Measurement of patient outcomes after major abdominal surgery has traditionally focused on mortality; however, the relatively low event rate for the majority of elective surgical procedures makes this a poor discriminator of both the quality of care between institutions and the effectiveness of interventions. Although absolute in terms of an outcome measure, the use of mortality as a clinical end-point is not without its discrepancies. The temporal variation in reporting, ranging from in hospital mortality to up to 1 year mortality, means that it is a difficult and poor comparator, and the loss of patients to long-term follow-up is an additional confounder. It has been suggested that 30-day mortality may underestimate short-term patient outcomes following major abdominal surgery, with a significant increase in mortality seen at 90 days [1].

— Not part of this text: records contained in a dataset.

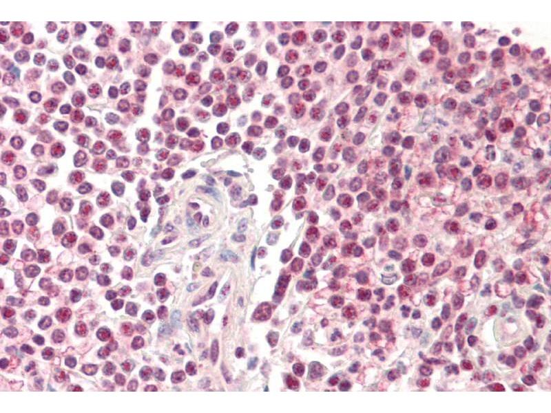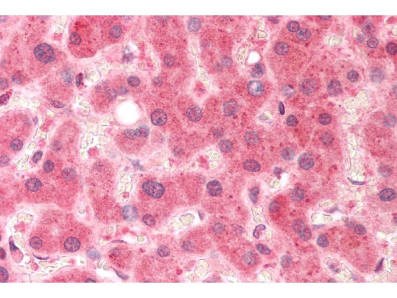Immunohistochemistry: Paraffin embedded Human Liver and Spleen. Recommended concentration: 5 μg/mL.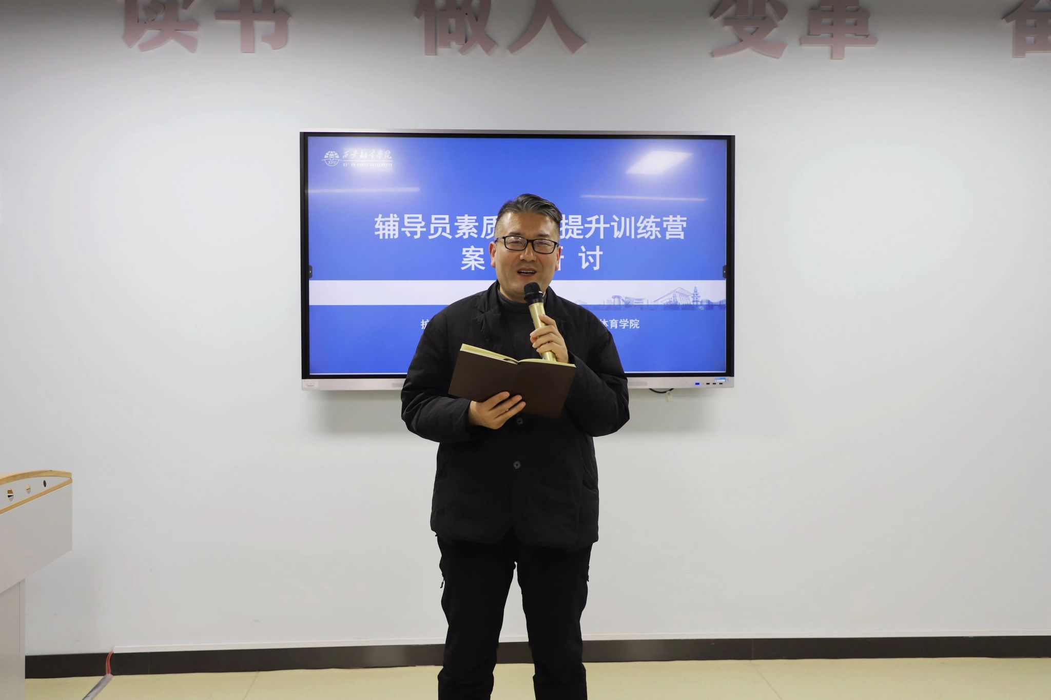 最后环节,樊磊领誓,全体人员高举右拳,庄严地宣誓了《高校辅导员誓词》,用铿锵有力的声音表明自己育人的初心、决心和信心。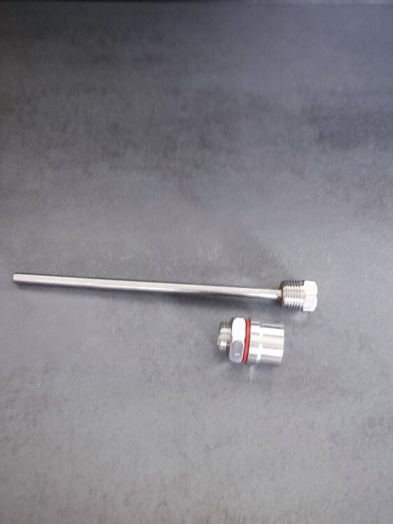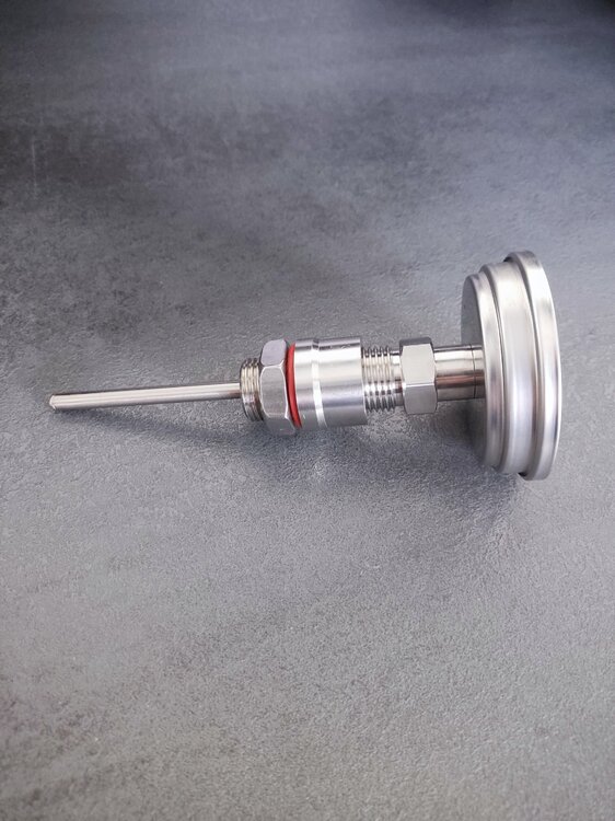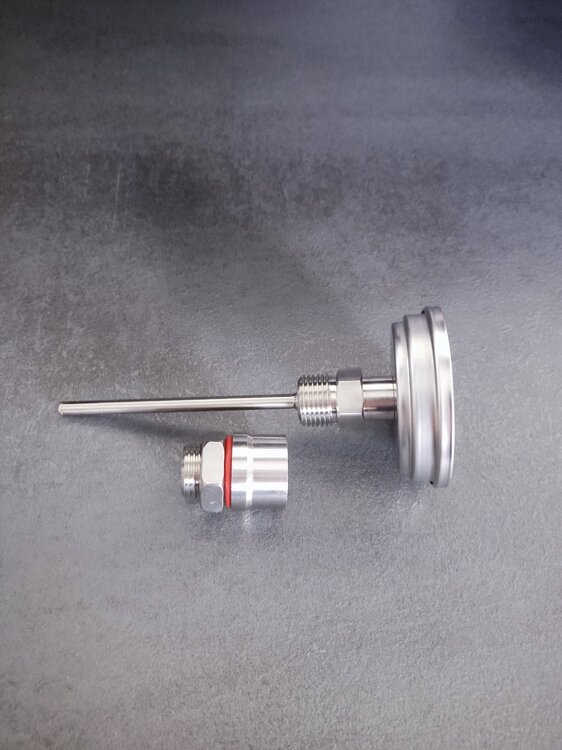 11. Zgadza się, termometr jest skręcony z gilzą ale gilza jest wkręcana w tuleję. I dopiero ta tuleja jest wkręcana do ścianki zbiornika. Okazuje się, że gilza którą miałem w domu pasuje do tulei wkręcanej do ścianki zbiornika. Jak wkręcę tę gilzę, którą miałem to będę mógł w niej umieścić sondę od termometru cyfrowego. Tak więc z Waszą pomocą problem rozwiązany. A co do ISpindla, to czy w zbiorniku z nierdzewki będzie on miał łączność z siecią wifi?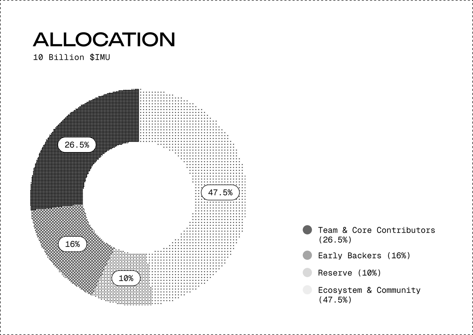 Foresight News 消息,加密漏洞赏金平台 Immunefi 公布 IMU 代币经济学。IMU 代币初始供应量为 100 亿枚,其中 47.5% 将分配给生态系统与社区(上市前销售、用户激励、合作伙伴关系、空投、营销及流动性支持)、16% 将分配给早期支持者、26.5% 将分配给团队与核心贡献者、10% 将用于储备。

Morbidity is a more frequent occurrence after major surgery, particularly in the higher risk patient. The importance of complications in the immediate postoperative period is clear, however perioperative complications may have long-term implications for both the quality and quantity of an individual’s life with an associated reduction in median survival [1, 2]. The measurement and reporting of outcomes following major surgery is a fundamental process to improving the quality and safety of care that a health system provides, both in terms of the health framework and delivery of care by institutions and the individual clinicians themselves [3, 4]. It is theoretically desirable to have a core set of outcomes measured and reported as a minimum in clinical research, allowing differing interventions to be compared and contrasted with greater ease and reducing the risk of outcome reporting bias.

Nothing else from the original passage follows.